Admission requirements
None
Description
This is a required course for students who start the program in February (instead of Major Issues in American History and Culture, which is only offered in the Fall semester).
This course examines some of the most important scholarly debates about American history, focusing on classic and recently-published works on such topics as the American Revolution, American liberalism, the South, immigration, the frontier, the Cold War, and the women’s movement. In addition to gaining an overview of American history, the course enables students to discuss important books in depth, and to examine the methodological and ideological approaches of leading historians.
Course objectives
Students will acquire knowledge and insight regarding:
the history and culture of the United States;
debates regarding key themes such as gender, transnational approaches to US history, US politics, and foreign policy;
trends in American historiography during the twentieth century and beyond.
Students will practice their ability to:
summarize, analyze, and discuss key texts in American history and culture;
place those texts in their historical context and identify the political and ethical values that influenced them (relativism);
relate historiographical and cultural debates to contemporary issues;
write concise pieces that analyse set texts;
introduce an oral discussion of a set text;
write a historiographical essay about a topic in American history and culture of their choice.
Timetable
See timetable.
Mode of instruction
Literature seminar.
Course load
Total course load for the course (10 ec x 28 hours): 280 hours.
class attendance (35 hours);
compulsory weekly reading (105 hours);
Preparation of oral presentation, writing assignments and research essay: 140 hours
Assessment method
Oral presentation (15%)
Blackboard postings and participation in class discussion (25%)
Historiographical essay (5000 words, 60%)
Blackboard
Blackboard gives access to syllabus, biblioraphy, documentary sources, and additional texts.
Reading list
Thomas Borstelmann, The 1970s: A New Global History from Civil Rights to Economic Inequality (Princeton: Princeton University Press, 2011)
Joanne Freeman, Affairs of Honor: National Politics in the New Republic (New Haven: Yale University Press, 2001)
Richard Hofstadter, The American Political Tradition and the Men Who Made It (New York: Knopf, 1948)
Ira Katznelson, Fear Itself: The New Deal and the Origins of Our Time (New York: Knopf, 2013)
Jackson Lears, Fables of Abundance: A Cultural History of Advertising in America (New York: Basic, 1994)
Jill Lepore, The Whites of Their Eyes: The Tea Party’s Revolution and the Battle over American History (Princeton: Princeton University Press, 2010)
Lisa McGirr, Suburban Warriors: The Origins of the New American Right (Princeton: Princeton University Press, 2002)
William Appleman Williams, The Tragedy of American Diplomacy (Cleveland, OH: World Publishing, 1959)
A number of articles on Blackboard.
Registration
Via uSis.
Contact
Prof.dr.

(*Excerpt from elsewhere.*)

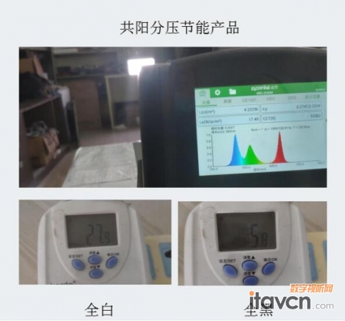 在亮度參數(shù)大致相等情況下,節(jié)能效果約為40%。(實(shí)際功率=全白功率-全黑功率)

R. Mason or Mw. Dr. J.C. (Joke) Kardux (Chair MA North American Studies)
Remarks
The first two books that will be discussed are:
Jill Lepore, The Whites of Their Eyes: The Tea Party’s Revolution and the Battle over American History (Princeton: Princeton University Press, 2010)
Joanne Freeman, Affairs of Honor: National Politics in the New Republic (New Haven: Yale University Press, 2001)
Students are encouraged to read ahead. These books have been ordered as E-books for the university library, but that may take some time to process.